Nevertheless, the market still relies on some of the correlations that have held up over the past couple of years, and my guess is that is going to change. While the Euro is known as the “anti-dollar”, it tends to trade with risk assets. If we use the premise that the Euro is going to go lower based on the dilutive actions taken to administer the bailout, then it likely follows that we’re going to see some Dollar strength.
However, we still are seeing good growth stories around the globe. Sure a weaker Euro will decrease demand for imported goods to the EU, but it will also be much better for Euro exports as now their goods are cheaper around the globe.

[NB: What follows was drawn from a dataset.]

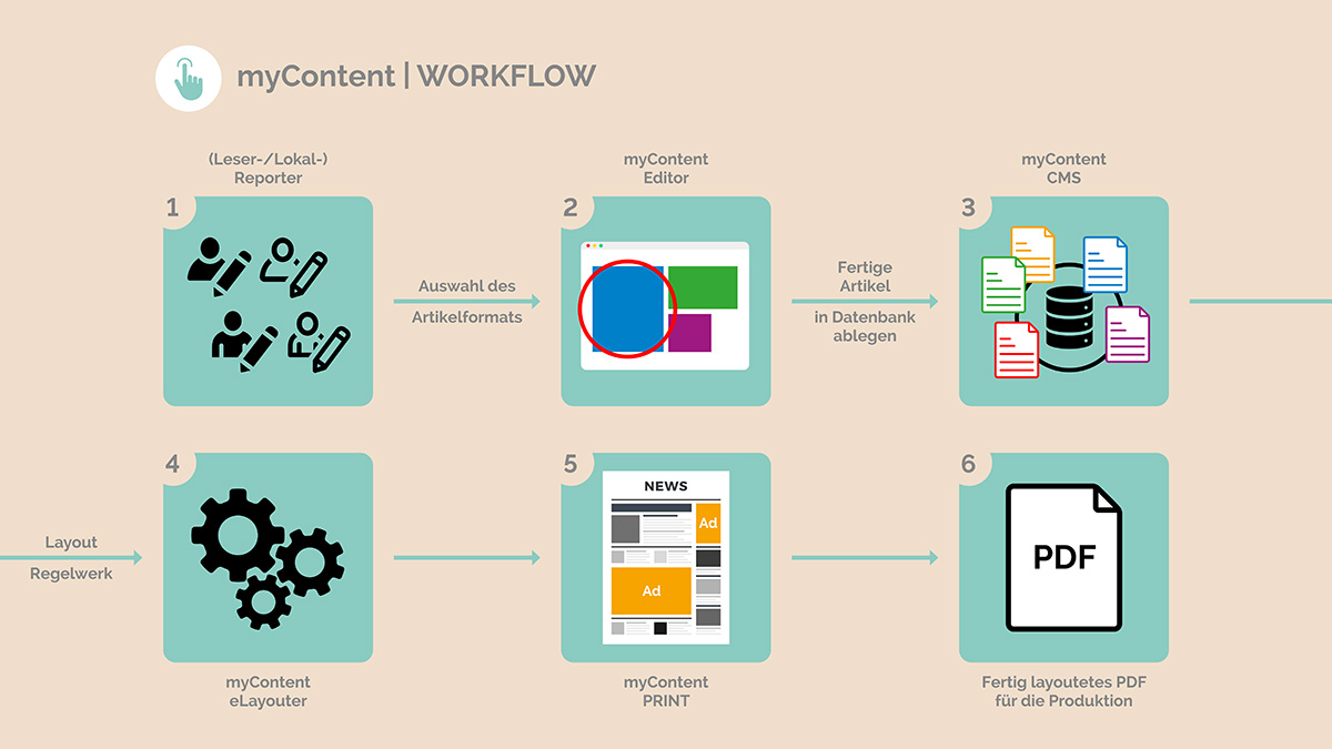 Zur Zukunft der modernen Zeitungsproduktion gehört ein Tool, das Seiten automatisiert erstellt und so bei Standard-Layouts bis zu 15 Minuten Arbeitszeit pro Seite einspart. Vorlageseiten manuell anpassen, mühsam passende Artikel raussuchen und aus starren Layouts eine Zeitung oder ein Magazin bauen? Das zeitraubende, suboptimale Puzzlespiel gehört ab sofort der Vergangenheit an. – Und selbstverständlich ist der eLayouter die perfekte Ergänzung zu unserem myContent CMS.

So pay attention to how the other markets react to a declining Euro. Right now the markets seem to be playing by the old rules. It may be a while before the market catches on to the new paradigm. So for now trade what you see and not what you think it will be!
In the forex market:
Aussie (AUD): The Aussie is lower this morning as fears that a European economic contraction may weigh heavily on global recovery. However, the economic story is still intact and a global slowdown could halt inflation down under.

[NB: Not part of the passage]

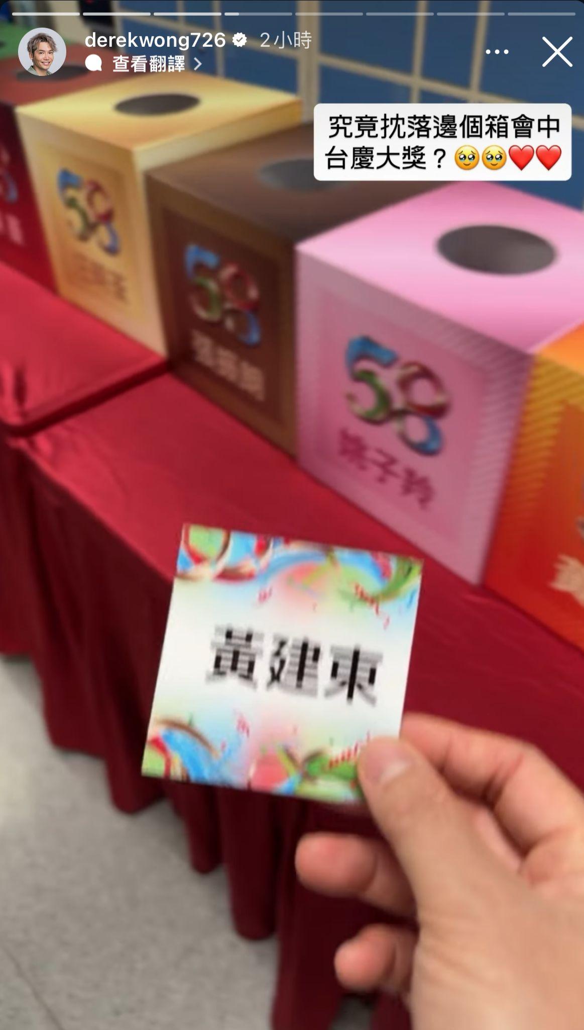 女有份參與演出的黃建東連同《福祿壽訓練學院》一班好友連日為台慶彩排,今日更在IG限時動態分享多則幕後花絮,見到他與吳子沖等人走到一堆抽獎箱前面,每個抽獎箱上都貼出無綫當家小生花旦的名字,正當其他人表示要將自己的名字投到陳豪的箱子時,東東就希望過去曾贏過名車的汪明荃帶挈自己中獎,於是將自己的名字放在汪明荃的箱內

Loonie (CAD): The Loonie is holding up fairly well despite the risk aversion in the market as investors are betting on a rate hike next month. Swap rates are higher as homeowners are attempting to lock in fixed-rate mortgages in anticipation.
Kiwi (NZD): The Kiwi is lower as risk aversion in the market is causing demand to weaken. The target date for a rate hike is still mid-year, but that could be pushed out further if inflation subsists due to a lack of Euro or Chinese demand.

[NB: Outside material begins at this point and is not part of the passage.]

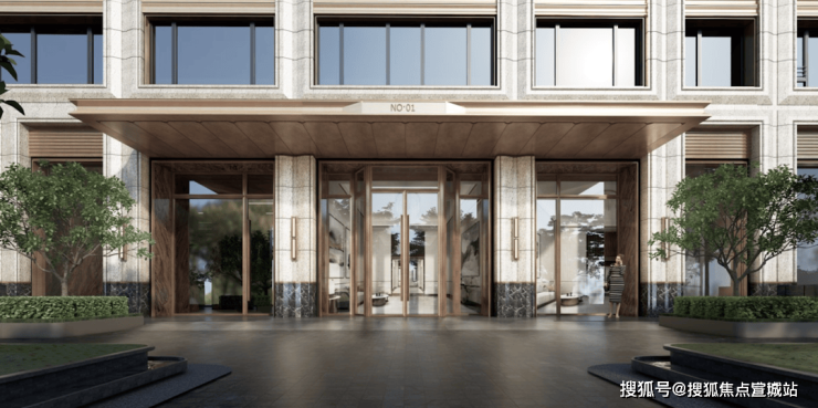 选用石材、铝板等高品质材料,古铜色金属与通透玻璃搭配,结合专属定制单元门及中式挑檐,只为业主归家的一抹温暖质感。

Euro (EUR): So stocks are lower in Europe and the US futures are set to open lower as well as there is concern that the bailout plan will not be big enough to halt the debt problems. My take is that this bailout should be sufficient, as spending gets slashed and budgets get reduced throughout the region. As long as this backstop is in place, the troubled nations will receive aid initially and will be able to go out into the markets down the road once more and more confidence is established. While the crisis everyone speaks about is directly related to excessive debt, the real crisis in the EU is one of investor confidence. If this process can be managed skillfully, the confidence will come back. In the meantime, I am expecting the Euro to decline. And watch the flows into gold as an asset class as gold not only acts as a hedge against inflation, but also as a store of wealth. Gold is higher to $1210.
Pound (GBP): The Pound is higher this morning as industrial production figures came in much better than expected. The Pound was initially lower on risk aversion and due to a report that the Lib Democrats in Parliament were in talks to form a coalition government with the Labour party even though the Conservatives won the majority though not by a large enough margin to dominate Parliament.
Dollar (USD): The Dollar started the morning higher on risk aversion but is giving back some ground as the stock market gets set to open. Stock futures are off their lows of the morning and I could see this as a “turn-around” day as the economic story is improving in the US.
Yen (JPY): The Yen is giving back gains as the market is seemingly moving away from risk aversion. Japanese stocks were lower overnight, as fears of a Chinese slowdown may affect earnings going forward.
In my opinion, the bailouts in Europe should be viewed as a good thing and not bad. A lower Euro will not only help manufacturing countries such as Germany and France as their exports will be cheaper, but it will also help the PIIGS countries as tourism will increase.
I live here in the NYC, and for the last couple of years you couldn’t walk down the street without bumping into a European here on a shopping excursion. Even with the price of the airfare, it was still cheaper for them to shop here than at home.
Conversely, the last time I was in Europe, I felt like a pauper and was astounded at some of the dinner bills I racked up. Now, my wife and I are planning our next trips. Things will get worse in the EU before they get better, but in the long run a lower Euro will benefit them greatly.
We all have to make sacrifices in the grand scheme of things, and once the Greeks (and those who acted irresponsibly) realize how they can benefit, the quicker they can return to normalcy.